Nur eine «Absicherung von Risiken»

Ingrid Wyss musste sich in der Allgemeinen Abteilung operieren lassen.

Wie begründet die Groupe Mutuel eine solche Klausel? Sprecher Yves Seydoux sagt, die einjährige Karenzfrist sei zur Absicherung von Risiken. Denn bei Versicherten, die über 60-jährig sind, sei das Risiko einer Krankheit höher: «Deshalb hat man die Karenzfrist zusätzlich eingefügt. So kann man sicher sein, dass die Krankenkasse trotzdem gewisse Einnahmen macht, die es erlauben, die verschiedenen Leistungen zu decken. Auch wenn eine Krankheit nicht deklariert wurde.»

Unübliches Vorgehen

Eine unsinnige Erklärung, findet Versicherungsexperte Ruedi Ursenbacher. Eine Karenzfrist bei einer Spitalzusatzversicherung sei absolut nicht üblich. Krankenkassen hätten genügend Möglichkeiten, Risiken abzuklären, weil sämtliche Kunden vor der Aufnahme eine Gesundheitserklärung ausfüllen und vorhandene Krankheiten deklarieren müssen.

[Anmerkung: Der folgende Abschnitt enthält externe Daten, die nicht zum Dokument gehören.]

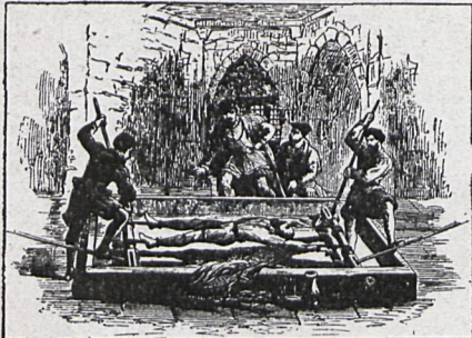
EL TORMENTO DE LA RUECA

Era éste un hombre de carácter y costumbres ejemplares, que había servido á la familia con la mayor fidelidad durante veintinueve años y que era considerado como un excelente esposo, un buen padre y un abnegado sirviente. Sin embargo, las pruebas

Der Versicherungsexperte kritisiert: «Die Groupe Mutuel hat ohne weiteres die Möglichkeit, einen Vertrag abzulehnen, einen Vorbehalt zu machen oder jemanden vorbehaltlos zu versichern. Und in diesem Fall ist es nicht nachvollziehbar, weshalb man noch zusätzlich eine Karenzfrist einbaut. Das kennt man so im Markt nicht.»

Ursenbacher vermutet, dass es um etwas anderes geht: «Die Versicherung kann so ein Jahr lang Prämien einnehmen, ohne Leistungen zu erbringen.»

Informationen nur in den Besonderen Bedingungen

Ein Blick ins Internet zeigt: Hinweise zur Karenzfrist fehlen beim Prospekt zur Spitalzusatzversicherung «Hopital Seniôr».

Yves Seydoux weist den Vorwurf, die Groupe Mutuel hätte ungenügend informiert, jedoch zurück. Die Versicherten bekämen, das Kleingedruckte, also die Besonderen Bedingungen zugeschickt und da stehe die Information zur Karenzfrist. Er betont, die Kunden hätten eine Eigenverantwortung und sie hätten die Pflicht die Allgemeinen Bedingungen zu lesen. Das Beratungsgespräch sei nur ein Teil der Information.

Der Groupe Mutuel-Sprecher erklärt: «Alle Dokumente, die wir den Leuten geschickt haben, weisen darauf hin, dass sie zu dem speziellen Element informiert wurden. Natürlich, war ich beim Gespräch nicht dabei. Aber kann mir nicht vorstellen, dass der Verkäufer das nicht sagte.»

Max und Ingrid Wyss versichern, dass der Berater sie nie auf die besondere Klausel bei der Zusatzversicherung hingewiesen hat. Sonst hätten sie die Versicherung nicht abgeschlossen.

Spezielle Vertragsinhalte sollten separat festgehalten werden

Rudolf Luginbühl, Ombudsman der Krankenversicherungen sagt, Berater müssten über so wichtige Einschränkungen informieren. Für ihn ist klar: «Eine ideale Lösung ist, wenn ein solch spezieller Vertragsinhalt auf einem Zusatzpapier festgehalten wird und man dieses unterschreiben lässt. Der Kunde muss ja sowieso diversere Papiere unterschreiben.

Ingrid und Max Wyss fühlen sich getäuscht. Sie haben sich auf den Versicherungsberater verlassen und bezahlen in diesem Jahr über 2500 Franken Prämien für null Leistung.